- _About this task_: Wherever a line holds the word "white", copy that line from the data.

- _Data for review_:
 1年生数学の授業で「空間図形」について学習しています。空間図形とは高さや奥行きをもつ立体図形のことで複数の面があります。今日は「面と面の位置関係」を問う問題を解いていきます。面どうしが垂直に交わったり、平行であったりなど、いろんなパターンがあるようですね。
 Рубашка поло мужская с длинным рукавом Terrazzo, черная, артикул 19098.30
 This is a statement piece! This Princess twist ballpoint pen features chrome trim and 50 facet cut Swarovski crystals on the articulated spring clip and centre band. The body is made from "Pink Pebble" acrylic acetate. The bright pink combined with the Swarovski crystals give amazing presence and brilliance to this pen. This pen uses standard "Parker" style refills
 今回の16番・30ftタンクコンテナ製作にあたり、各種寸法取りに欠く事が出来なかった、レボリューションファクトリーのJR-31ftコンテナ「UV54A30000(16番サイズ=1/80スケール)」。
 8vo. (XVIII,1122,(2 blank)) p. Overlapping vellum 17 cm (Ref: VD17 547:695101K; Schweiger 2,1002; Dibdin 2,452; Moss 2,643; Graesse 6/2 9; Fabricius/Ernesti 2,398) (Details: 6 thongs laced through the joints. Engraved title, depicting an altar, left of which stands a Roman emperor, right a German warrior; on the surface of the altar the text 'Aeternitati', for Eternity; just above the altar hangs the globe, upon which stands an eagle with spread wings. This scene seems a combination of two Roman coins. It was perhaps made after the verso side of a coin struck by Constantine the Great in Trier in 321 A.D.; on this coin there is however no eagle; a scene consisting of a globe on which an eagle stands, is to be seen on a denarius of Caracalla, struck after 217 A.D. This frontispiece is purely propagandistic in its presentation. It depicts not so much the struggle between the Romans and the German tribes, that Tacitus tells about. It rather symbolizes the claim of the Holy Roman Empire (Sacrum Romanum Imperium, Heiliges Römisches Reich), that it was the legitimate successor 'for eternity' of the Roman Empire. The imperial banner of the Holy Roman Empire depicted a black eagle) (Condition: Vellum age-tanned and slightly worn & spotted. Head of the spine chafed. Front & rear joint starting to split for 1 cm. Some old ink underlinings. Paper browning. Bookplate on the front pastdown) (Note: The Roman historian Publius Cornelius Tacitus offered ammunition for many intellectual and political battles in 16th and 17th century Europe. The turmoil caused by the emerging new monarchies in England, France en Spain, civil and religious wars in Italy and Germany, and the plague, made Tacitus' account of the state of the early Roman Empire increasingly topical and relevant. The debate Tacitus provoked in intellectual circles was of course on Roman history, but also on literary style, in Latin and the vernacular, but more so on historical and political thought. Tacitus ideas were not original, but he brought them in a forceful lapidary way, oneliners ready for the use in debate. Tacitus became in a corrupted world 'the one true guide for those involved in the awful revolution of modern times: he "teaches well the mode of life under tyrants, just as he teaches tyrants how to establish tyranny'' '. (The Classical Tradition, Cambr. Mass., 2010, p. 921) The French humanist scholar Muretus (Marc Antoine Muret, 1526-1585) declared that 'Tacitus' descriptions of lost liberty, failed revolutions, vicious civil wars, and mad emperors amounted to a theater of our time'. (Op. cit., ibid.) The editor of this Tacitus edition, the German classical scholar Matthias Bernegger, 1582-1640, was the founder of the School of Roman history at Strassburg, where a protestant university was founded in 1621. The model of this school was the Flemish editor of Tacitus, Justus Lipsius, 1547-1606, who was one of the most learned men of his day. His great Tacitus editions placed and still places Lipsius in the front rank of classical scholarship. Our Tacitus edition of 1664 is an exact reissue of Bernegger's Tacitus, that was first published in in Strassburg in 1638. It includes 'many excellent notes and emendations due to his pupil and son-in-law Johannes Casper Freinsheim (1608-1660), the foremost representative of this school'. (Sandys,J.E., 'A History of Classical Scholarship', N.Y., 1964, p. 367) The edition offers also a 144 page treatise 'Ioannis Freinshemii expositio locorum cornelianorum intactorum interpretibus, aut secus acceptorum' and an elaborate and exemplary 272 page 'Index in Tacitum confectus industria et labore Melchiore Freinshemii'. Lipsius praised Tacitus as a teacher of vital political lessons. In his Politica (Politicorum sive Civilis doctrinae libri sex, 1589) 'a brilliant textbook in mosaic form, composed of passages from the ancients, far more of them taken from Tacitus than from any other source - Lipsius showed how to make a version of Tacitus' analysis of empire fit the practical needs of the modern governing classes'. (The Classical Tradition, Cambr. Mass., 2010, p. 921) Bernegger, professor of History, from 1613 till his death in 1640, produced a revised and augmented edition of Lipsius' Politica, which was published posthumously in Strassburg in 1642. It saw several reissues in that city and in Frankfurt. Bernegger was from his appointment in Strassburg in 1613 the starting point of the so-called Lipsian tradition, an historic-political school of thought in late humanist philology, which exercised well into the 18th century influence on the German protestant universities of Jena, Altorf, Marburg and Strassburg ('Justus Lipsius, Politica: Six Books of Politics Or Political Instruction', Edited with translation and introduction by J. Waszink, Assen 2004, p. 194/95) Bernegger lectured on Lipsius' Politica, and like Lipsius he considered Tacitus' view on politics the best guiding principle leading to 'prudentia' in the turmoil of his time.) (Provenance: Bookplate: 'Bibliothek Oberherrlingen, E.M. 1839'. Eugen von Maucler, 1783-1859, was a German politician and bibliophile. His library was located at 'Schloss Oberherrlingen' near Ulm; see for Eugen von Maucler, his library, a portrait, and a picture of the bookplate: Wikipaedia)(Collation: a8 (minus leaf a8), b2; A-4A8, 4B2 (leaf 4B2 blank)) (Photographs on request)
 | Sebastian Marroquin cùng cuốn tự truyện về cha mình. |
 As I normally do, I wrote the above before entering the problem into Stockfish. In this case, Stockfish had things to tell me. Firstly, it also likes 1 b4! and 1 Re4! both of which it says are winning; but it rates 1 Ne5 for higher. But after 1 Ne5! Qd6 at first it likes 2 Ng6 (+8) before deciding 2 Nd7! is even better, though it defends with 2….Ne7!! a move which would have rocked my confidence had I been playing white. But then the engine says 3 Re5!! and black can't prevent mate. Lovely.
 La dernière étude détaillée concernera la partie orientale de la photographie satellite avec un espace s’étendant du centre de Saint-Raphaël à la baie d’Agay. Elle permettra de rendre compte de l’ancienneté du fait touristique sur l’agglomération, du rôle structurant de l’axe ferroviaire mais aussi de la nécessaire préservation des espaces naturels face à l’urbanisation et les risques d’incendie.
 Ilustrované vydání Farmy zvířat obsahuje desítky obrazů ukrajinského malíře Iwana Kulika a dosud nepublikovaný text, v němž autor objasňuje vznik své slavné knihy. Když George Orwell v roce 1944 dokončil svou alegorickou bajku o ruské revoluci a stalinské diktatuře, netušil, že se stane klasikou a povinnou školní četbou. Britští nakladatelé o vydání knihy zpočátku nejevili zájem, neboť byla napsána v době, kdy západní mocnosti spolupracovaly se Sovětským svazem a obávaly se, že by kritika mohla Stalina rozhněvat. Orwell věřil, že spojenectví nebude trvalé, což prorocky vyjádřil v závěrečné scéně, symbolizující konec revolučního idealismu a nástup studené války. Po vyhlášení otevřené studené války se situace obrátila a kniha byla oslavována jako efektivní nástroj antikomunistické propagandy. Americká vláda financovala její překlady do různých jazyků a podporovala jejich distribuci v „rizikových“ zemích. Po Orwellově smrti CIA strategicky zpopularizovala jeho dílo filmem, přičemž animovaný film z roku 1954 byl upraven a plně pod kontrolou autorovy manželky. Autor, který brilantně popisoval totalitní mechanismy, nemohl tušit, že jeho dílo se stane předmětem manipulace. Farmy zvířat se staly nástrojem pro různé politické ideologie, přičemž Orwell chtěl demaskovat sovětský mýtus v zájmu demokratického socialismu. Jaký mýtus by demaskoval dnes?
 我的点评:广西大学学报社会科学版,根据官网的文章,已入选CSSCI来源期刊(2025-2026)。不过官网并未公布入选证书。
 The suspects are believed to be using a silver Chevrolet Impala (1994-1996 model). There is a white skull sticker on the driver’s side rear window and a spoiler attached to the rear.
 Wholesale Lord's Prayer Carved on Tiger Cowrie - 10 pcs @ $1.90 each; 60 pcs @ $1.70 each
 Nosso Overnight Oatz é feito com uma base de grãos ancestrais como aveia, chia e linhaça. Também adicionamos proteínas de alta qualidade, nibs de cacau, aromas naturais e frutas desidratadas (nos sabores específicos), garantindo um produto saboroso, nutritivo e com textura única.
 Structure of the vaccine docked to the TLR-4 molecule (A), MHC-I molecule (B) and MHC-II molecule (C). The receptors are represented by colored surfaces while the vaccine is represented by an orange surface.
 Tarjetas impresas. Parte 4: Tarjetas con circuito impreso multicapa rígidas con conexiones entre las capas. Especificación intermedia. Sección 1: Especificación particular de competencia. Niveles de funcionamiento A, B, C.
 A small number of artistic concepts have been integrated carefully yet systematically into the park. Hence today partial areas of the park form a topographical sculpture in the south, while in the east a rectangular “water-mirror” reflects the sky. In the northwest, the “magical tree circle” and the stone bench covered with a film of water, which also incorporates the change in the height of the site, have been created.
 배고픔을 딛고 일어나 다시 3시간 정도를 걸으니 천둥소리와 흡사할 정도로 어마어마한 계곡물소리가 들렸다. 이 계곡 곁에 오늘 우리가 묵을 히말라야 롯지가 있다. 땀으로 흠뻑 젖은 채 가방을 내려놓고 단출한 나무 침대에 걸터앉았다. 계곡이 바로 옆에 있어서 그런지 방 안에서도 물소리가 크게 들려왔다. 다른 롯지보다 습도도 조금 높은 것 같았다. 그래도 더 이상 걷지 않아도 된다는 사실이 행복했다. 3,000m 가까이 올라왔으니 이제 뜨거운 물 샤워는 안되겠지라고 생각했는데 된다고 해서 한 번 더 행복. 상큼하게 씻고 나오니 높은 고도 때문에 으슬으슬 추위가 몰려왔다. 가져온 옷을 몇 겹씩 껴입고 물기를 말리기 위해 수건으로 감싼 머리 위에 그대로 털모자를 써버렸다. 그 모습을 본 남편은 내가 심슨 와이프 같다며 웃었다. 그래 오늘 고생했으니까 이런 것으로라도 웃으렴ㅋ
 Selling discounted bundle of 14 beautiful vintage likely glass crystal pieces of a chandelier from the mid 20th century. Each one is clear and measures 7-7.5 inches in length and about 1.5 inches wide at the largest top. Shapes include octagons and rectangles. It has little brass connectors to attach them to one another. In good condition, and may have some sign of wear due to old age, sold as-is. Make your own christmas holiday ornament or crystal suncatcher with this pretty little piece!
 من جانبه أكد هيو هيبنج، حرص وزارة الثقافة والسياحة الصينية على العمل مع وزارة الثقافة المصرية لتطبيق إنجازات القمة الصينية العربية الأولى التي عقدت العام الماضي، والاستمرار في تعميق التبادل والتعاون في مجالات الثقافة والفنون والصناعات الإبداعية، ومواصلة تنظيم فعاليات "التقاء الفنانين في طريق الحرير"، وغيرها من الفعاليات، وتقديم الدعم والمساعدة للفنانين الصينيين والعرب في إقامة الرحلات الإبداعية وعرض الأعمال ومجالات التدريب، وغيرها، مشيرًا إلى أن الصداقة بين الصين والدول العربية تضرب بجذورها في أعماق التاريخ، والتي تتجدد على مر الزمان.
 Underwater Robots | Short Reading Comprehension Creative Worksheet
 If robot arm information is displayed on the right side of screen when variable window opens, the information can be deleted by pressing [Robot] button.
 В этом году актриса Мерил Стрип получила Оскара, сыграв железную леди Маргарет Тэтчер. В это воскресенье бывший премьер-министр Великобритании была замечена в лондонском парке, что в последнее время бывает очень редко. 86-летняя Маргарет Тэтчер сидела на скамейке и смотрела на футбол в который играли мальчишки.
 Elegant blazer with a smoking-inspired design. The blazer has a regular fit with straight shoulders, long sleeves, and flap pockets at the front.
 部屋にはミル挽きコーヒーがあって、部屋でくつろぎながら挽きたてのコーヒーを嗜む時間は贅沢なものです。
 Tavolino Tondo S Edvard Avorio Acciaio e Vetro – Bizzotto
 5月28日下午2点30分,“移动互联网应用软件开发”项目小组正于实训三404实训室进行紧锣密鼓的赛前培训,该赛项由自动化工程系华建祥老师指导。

- _Output_:
 As I normally do, I wrote the above before entering the problem into Stockfish. In this case, Stockfish had things to tell me. Firstly, it also likes 1 b4! and 1 Re4! both of which it says are winning; but it rates 1 Ne5 for higher. But after 1 Ne5! Qd6 at first it likes 2 Ng6 (+8) before deciding 2 Nd7! is even better, though it defends with 2….Ne7!! a move which would have rocked my confidence had I been playing white. But then the engine says 3 Re5!! and black can't prevent mate. Lovely.
 The suspects are believed to be using a silver Chevrolet Impala (1994-1996 model). There is a white skull sticker on the driver’s side rear window and a spoiler attached to the rear.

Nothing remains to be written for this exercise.